Out of the listing below, copy every line that carries the string "best".

### Data
..............................

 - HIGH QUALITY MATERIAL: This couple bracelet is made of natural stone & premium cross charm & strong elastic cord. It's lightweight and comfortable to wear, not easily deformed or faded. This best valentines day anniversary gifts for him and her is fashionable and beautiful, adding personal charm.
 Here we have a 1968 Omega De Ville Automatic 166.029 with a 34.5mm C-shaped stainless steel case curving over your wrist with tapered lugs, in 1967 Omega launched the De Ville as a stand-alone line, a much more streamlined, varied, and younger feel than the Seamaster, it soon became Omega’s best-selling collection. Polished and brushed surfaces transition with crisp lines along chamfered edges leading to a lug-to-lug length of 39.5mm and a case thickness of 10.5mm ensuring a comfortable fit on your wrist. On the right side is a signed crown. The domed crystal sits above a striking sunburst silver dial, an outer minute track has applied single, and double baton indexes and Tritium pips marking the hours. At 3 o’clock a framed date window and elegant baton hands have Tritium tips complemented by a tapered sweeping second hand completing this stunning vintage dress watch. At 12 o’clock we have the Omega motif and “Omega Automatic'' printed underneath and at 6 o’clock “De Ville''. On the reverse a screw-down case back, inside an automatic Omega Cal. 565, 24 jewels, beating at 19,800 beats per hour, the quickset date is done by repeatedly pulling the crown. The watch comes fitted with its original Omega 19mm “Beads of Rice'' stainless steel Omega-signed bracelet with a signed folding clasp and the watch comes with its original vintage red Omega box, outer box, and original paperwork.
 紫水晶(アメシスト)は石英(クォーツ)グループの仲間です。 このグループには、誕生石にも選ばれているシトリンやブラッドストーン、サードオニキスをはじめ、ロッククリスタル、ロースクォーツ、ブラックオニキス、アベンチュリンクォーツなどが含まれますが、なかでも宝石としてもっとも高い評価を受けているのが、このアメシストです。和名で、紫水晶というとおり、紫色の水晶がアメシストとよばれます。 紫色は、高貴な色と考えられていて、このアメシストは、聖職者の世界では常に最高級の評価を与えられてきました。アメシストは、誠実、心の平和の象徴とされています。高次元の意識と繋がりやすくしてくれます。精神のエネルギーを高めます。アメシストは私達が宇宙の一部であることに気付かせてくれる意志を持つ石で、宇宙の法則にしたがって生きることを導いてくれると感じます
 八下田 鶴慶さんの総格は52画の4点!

..............................

### Your response
 - HIGH QUALITY MATERIAL: This couple bracelet is made of natural stone & premium cross charm & strong elastic cord. It's lightweight and comfortable to wear, not easily deformed or faded. This best valentines day anniversary gifts for him and her is fashionable and beautiful, adding personal charm.
 Here we have a 1968 Omega De Ville Automatic 166.029 with a 34.5mm C-shaped stainless steel case curving over your wrist with tapered lugs, in 1967 Omega launched the De Ville as a stand-alone line, a much more streamlined, varied, and younger feel than the Seamaster, it soon became Omega’s best-selling collection. Polished and brushed surfaces transition with crisp lines along chamfered edges leading to a lug-to-lug length of 39.5mm and a case thickness of 10.5mm ensuring a comfortable fit on your wrist. On the right side is a signed crown. The domed crystal sits above a striking sunburst silver dial, an outer minute track has applied single, and double baton indexes and Tritium pips marking the hours. At 3 o’clock a framed date window and elegant baton hands have Tritium tips complemented by a tapered sweeping second hand completing this stunning vintage dress watch. At 12 o’clock we have the Omega motif and “Omega Automatic'' printed underneath and at 6 o’clock “De Ville''. On the reverse a screw-down case back, inside an automatic Omega Cal. 565, 24 jewels, beating at 19,800 beats per hour, the quickset date is done by repeatedly pulling the crown. The watch comes fitted with its original Omega 19mm “Beads of Rice'' stainless steel Omega-signed bracelet with a signed folding clasp and the watch comes with its original vintage red Omega box, outer box, and original paperwork.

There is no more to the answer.